Posts Tagged ‘Oracle RAC’

Oracle ASM and EMC PowerPath

Wednesday, May 28th, 2008

Setting up an Oracle ASM disks is rather simple, and the procedure can be easily obtained from here, for example. This is nice and pretty, and works well for most environments.

EMC PowerPath creates meta devices which utilize the underlying paths, as mod_scsi sees them in Linux, without hiding them (unlike IBM’s RDAC, for example). This results in the ability to view and access each LUN either through the PowerPath meta device (/dev/emcpower*) or through the underlying SCSI disk device (/dev/sd*). You can obtain the existing paths of a single meta devices through running the command

powermt display dev=emcpowera

where ‘emcpowera’ is an example. It can be any of your power meta devices. You will see the underlying SCSI devices.

During startup, Oracle ASM (startup script: /etc/init.d/oracleasm) scans all block devices for ASM headers. On a system with many LUNs, this can take a while (half an hour, and sometimes much more). Not only that, but since ASM scans the available block devices in a semi-random order, the chances are very high that the /dev/sd* will be used instead of the /dev/emcpower* block device. This results in degraded performance, where active-active configuration has been set for PowerPath (because it will not be used), and moreover – a failure of that specific link will result in failure to access the specific LUN through that path, with disregard to any other existing paths to the LUN.

To "set things right", you need to edit /etc/sysconfig/oracleasm, and exclude all ’sd’ devices from ASM scan.

To verify that you’re actually using the right block device:

/etc/init.d/oracleasm listdisks

Select any one of the DG disks, and then

/etc/init.d/oracleasm querydisk DATA1
Disk “DATA1″ is a valid ASM disk on device [120, 6]

The numbers are the major and minor of the block device.
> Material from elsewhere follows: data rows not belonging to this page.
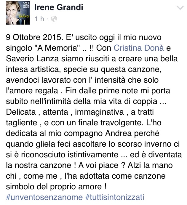 Entrato ufficialmente in rotazione radiofonica ieri venerdì 9 ottobre, A memoria, il nuovo singolo di Irene Grandi e terzo estratto dall’ ultimo album di inediti della rocker toscana; Un vento senza nome, uscito per la Sony lo scorso febbraio alla vigilia della sua partecipazione al Festival di Sanremo dopo svariati anni di silenzio artistico.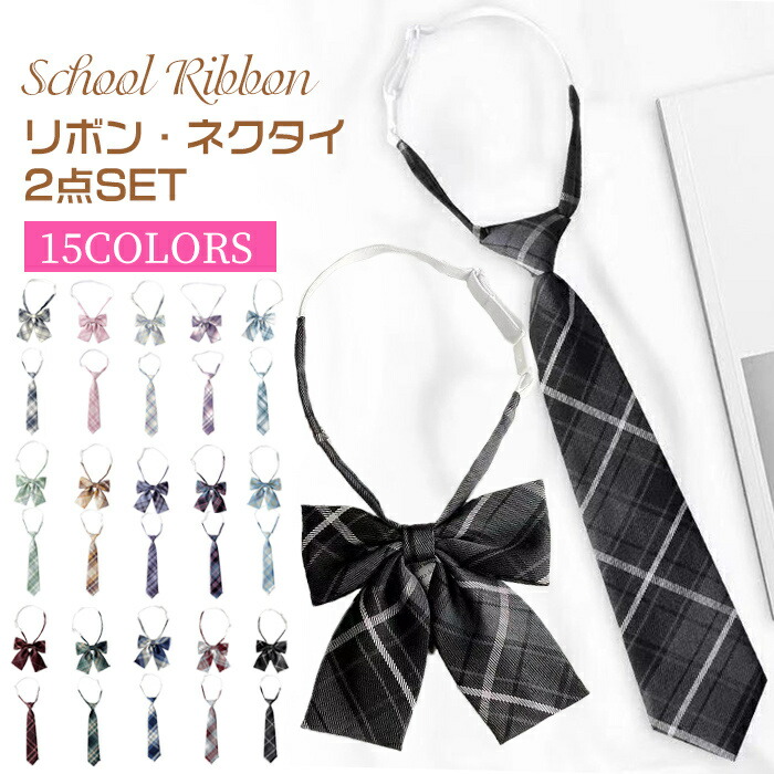 リボン 学生服 スクール JK制服 ネクタイ 2点セット リボンタイ 男女兼用 卒服 女子高生 通学 クイックネクタイ スクールリボン チェック柄 蝶ネクタイ 制服リボン 男子 女子 蝶結び
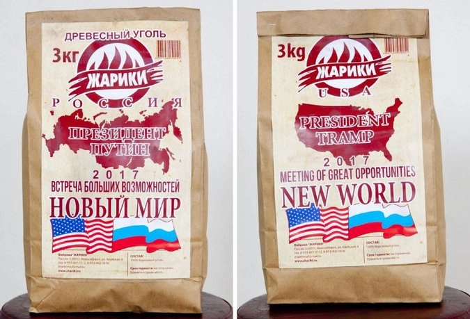 Как сообщает novosib-room, директор компании сделал подобный маркетинговой ход, так как искренне верит, что встреча нового президента США с Путиным определит развитие всего мирового сообщества. Ранее компания уже выпускала уголь в упаковках, которые гласили: «Обамавуд — кривое дерево», «Россия — Президент» и «Грязная фрау Меркель».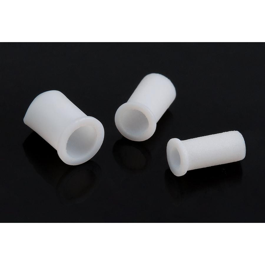 Zestaw 3-częściowych wewnętrznych tulejek z teflonu do wędek typu 'rakós' lub wędek szczytowych z gumką. To małe, przydatne akcesorium chroni gumkę na końcu wędki podczas wysuwania. Kołnierz tulejki ma podwójną rolę. Po pierwsze, stabilniej leży w korpusie wędki, a po drugie, chroni gumkę nawet wtedy, gdy gumka znajduje się pod mniejszym kątem względem osi wzdłużnej wędki. W ten sposób żywotność gumki typu 'rakós' drastycznie wzrasta.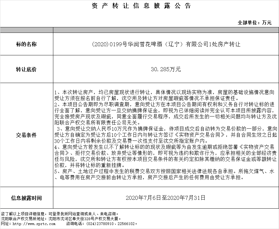 華潤(rùn)雪花啤酒(遼寧)有限公司轉(zhuǎn)讓沈陽(yáng)市和平區(qū)安圖北街2號(hào)(7-5-1)房產(chǎn)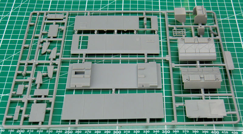 Bausatz: Da dieses Führungsfahrzeug Bestandteil des S-300-Komplexes ist, war es für modelcollect natürlich naheliegend neben den Raketen tragenden Fahrzeugen auch dieses herauszubringen. In dem stabilen attraktiven Stülpkarton befinden sich gut verpackt nicht weniger sechs hellgraue Spritzlinge mit 187 Teilen, ein Fahrerhaus, ein klarer Spritzling mit neun Teilen, zwei Fotoätzteile, acht Gummireifen, ein Decalbogen und die informative mehrfarbige Bau- und Bemalungsanleitung.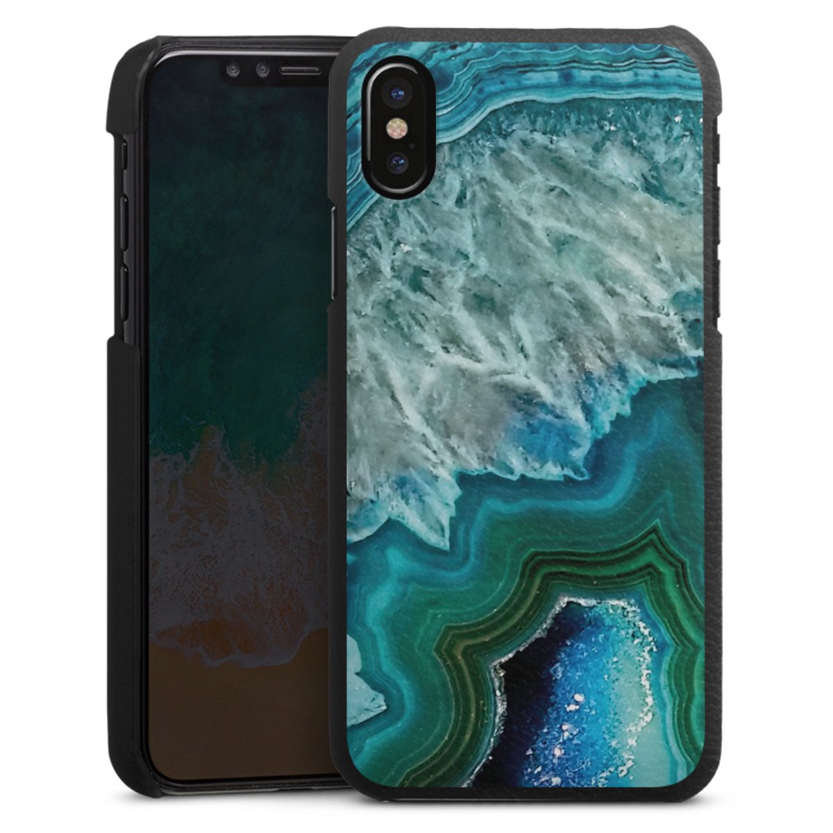 Die handgefertigte Handyhülle besteht außen aus hochwertigen Echtleder-Fasern, die Innenseite besteht aus stabilem Polycarbonat mit einer edlen Softtouch Beschichtung. Durch die Lederstruktur auf der Außenseite liegt das zeitlose Modell griffig in der Hand. Die Handyhülle ist in den Farben Schwarz, Weiß und Braun erhältlich.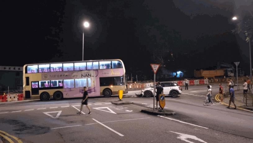 今日(8日)晚上7時許,一輛九巴沿柴灣環翠道行駛,至翡翠道對開時,與一輛白色私家車迎頭相撞,幸意外中無人受傷,警方正調查車禍原因。根據網上圖片,九巴車頭輕微損毀,至於白色私家車泵把甩脫,零件碎片散落一地。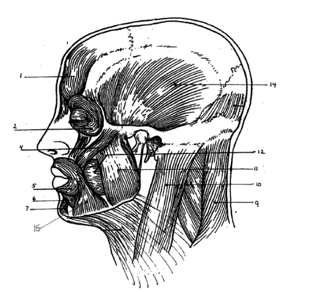 Muscles of the Head and NeckOnline version Labeling, actions, origins, and insertions and head and neck muscles by Paul Uk 1 2 3 4 5 6 7 8 9 10 11 12 1 2 3 4 5 6 7 8 9 10 11 12 Explanation 1 Draws scalp anteriorly; raises eyebrows 2 Closes eyelid 3 Origin: Zygomatic Bone Insertion: Angles/ Corners of mouth Action: Elevates angles of mouth (smiling) 6 Elevates and protrudes lower lip (pouting) 7 depresses angles of mouth (frowning) 8 elevates clavicle and scapula 9 Origins: Sternum and clavicle Insertion: Mastoid process of temporal Actions: Abducts head; neck lateral flexion; rotates head; neck rotation; flexes head; neck flexion 10 Elevates mandible (chewing) 11 Origins: Maxilla and mandible Insertion: orbicularis oris Actions: Compresses cheek; whistling; sucking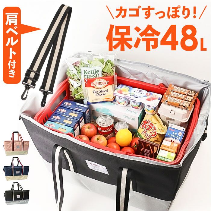 ・約48Lの大容量でレジカゴが丸ごとすっぽり入る毎日のお買い物に頼れる保冷バッグ◎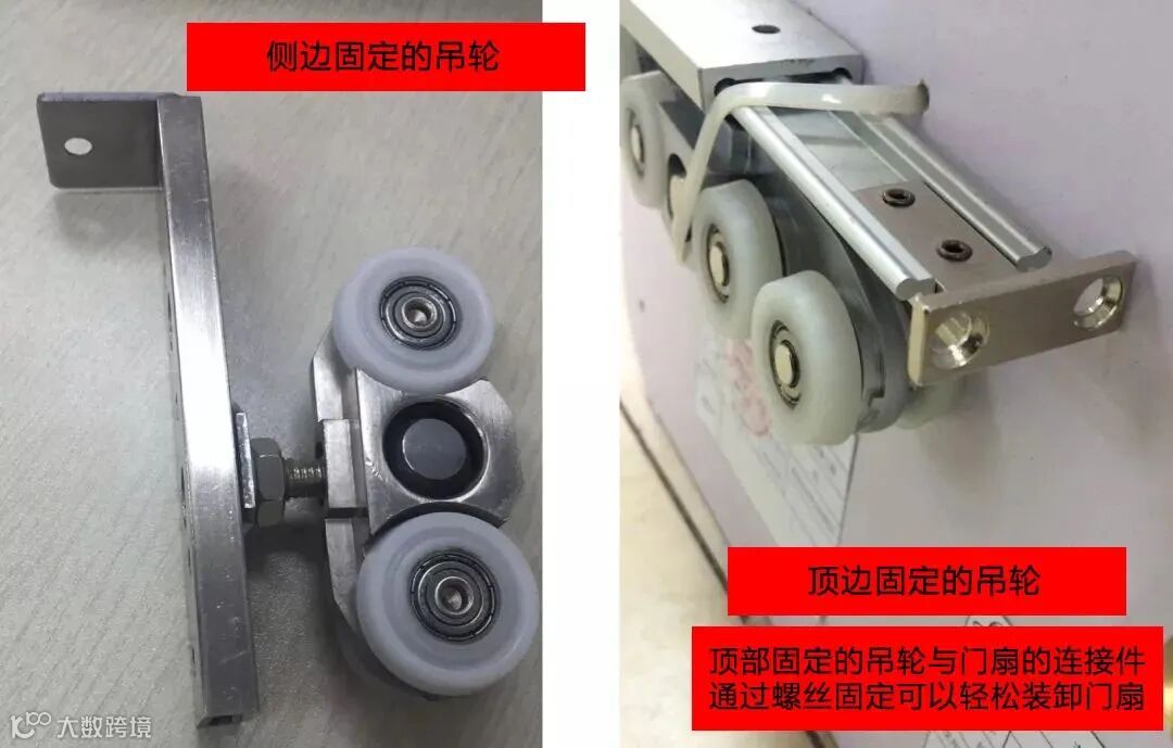 同时移门吊轮也有侧边固定和顶部固定2种方案,项目部最终确定为顶部固定方案,即右一:
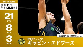 【プレーまとめ】宇都宮#33 ギャビン・エドワーズ|第11節GAME1|11.15.2025 プロバスケ (Bリーグ)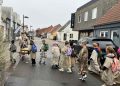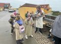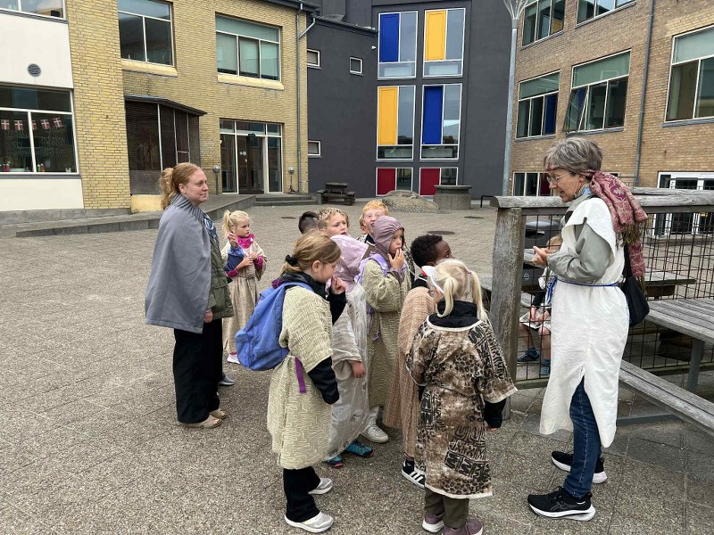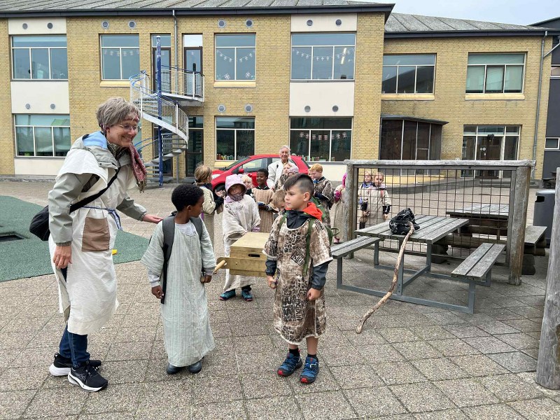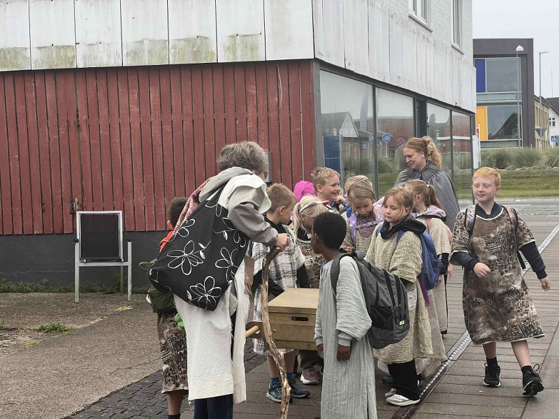 Da tiden kom, blev børnene og deres lærere klædt ud i fine dragter, og turen gik i gang – med Mosesvandringen som ramme. Undervejs blev Pagtens Ark båret på skift, og Anne Gerda fortalte levende og engageret om Moses og israelitternes rejse. Hun inddrog børnene hele vejen igennem, og det skabte et nærvær og en spænding, der holdt, selv når regnen silede eller omgivelserne bød på små forstyrrelser.

You can easily find the device through this command:

ls -la /dev/ | grep MAJOR | grep MINOR

In our example, the MAJOR will be 120, and the MINOR will be 6. The result would look like a single block device.

If you’re using EMC PowerPath, your block device major would be 120 and around that number. If you’re (mistakenly) using one of the underlying paths, your major would be 8 and nearby numbers. If you’re using Linux LVM, your major would be around the number 253. The expected result, when using EMC PowerPath is always with major of 120 – always using the /dev/emcpower* devices.

This also decreases the boot time rather dramatically.

HP MSA1000 controller failover

Tuesday, March 27th, 2007

HP MSA1000 is an entry-level disk storage capable of communicating via different types of interfaces, such as SCSI and FC, and can allow FC failover. This FC failover, however, is controller failover and not path failover. It means that if the primary controller fails entirely, the backup controller will “kick in”. However, if a multi-path capable client will fail its primary interface, there is no guarantee that communication with the disks through the backup controller.

The symptom I have encountered was that the secondary path, while exposing the disks (while the primary path was down for one of the servers) to the server, did not allow any SCSI I/O operations. This prevented the Linux server’s SCSI layer from accessing the disks. So they did appear when doing “cat /proc/scsi/scsi“, however, they were not detected using, for example, “fdisk -l“, and the system logs got filled with “SCSI Error” messages.

About a month ago, after almost two years, a new firmware update has been released (can be found here). Two versions exist – Active/Passive and Active/Active.

I have upgraded the MSA1000 storage device.

After installing the Active/Active firmware upgrade (Notice Linux users – You must have X to run the “msa1500flash” utility), and after power cycling the MSA1000 device, things start to look good.

I have tested performance with a person on-site disconnecting fiber connections on-demand, and it worked great. About 2-5 seconds failover time.

Since this system run Oracle RAC, and it uses OCFS2, I had to update the failed-node timeout to be 31 seconds (per this Oracle’s OCFS site, which includes some really good tips).

So real High Availability can be archived after upgrading MSA1000 firmware.